Senior Lecturer in German Jamie Rankin has coordinated the language program of the German department since 1991. In addition to teaching language courses and seminars on Second Language Acquisition, he has collaborated with graduate TA’s to develop a wide range of internet projects (both for classroom use and TA training) and to engage in classroom research. He has published numerous articles on second language education, several in collaboration with graduate TA’s in the department; is co-author of the widely used intermediate German textbook Handbuch zur deutschen Grammatik; and is currently developing a first-year textbook emphasizing input processing and lexical development.

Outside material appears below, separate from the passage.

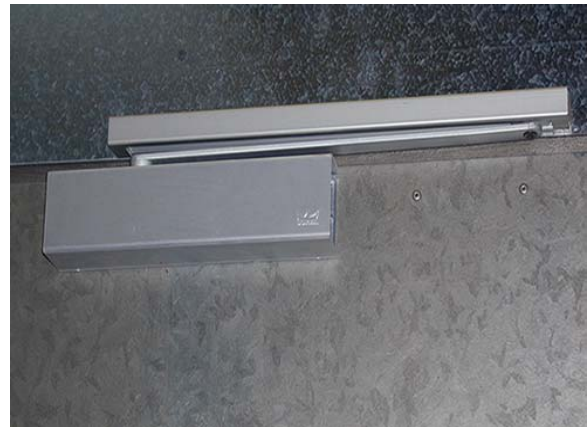
MUELLE DE CIERRE

He is the recipient of the 1996 President’s Award for Excellence in Teaching, and received a teaching award in 2008 by the Princeton chapter of Phi Beta Kappa.


Nikolaus Wegmann

Nikolaus Wegmann, Professor, received his intellectual training at Bielefeld (Promotion 1984), Cornell University, and Köln (Habilitation 1998). He has taught German literature at Bielefeld and Köln and media studies at Potsdam, the Hochschule für Film und Fernsehen München, and at the Institut für Theater, Film und Fernsehwissenschaft Köln; he has also taught at the University of Iowa and the University of Washington. In his teaching and research, Wegmann focuses on German literature (from the Age of Enlightenment to GDR-Literature), the history of philology, literary theory, and media culture. His recent publications include an edited volume called Original–Ton: Zur Mediengeschichte des O-Tons (Konstanz 2007), and An Ort und Stelle: Zur Geschichte der konkreten Poesie in der DDR (DVjs vol. 84, 2010).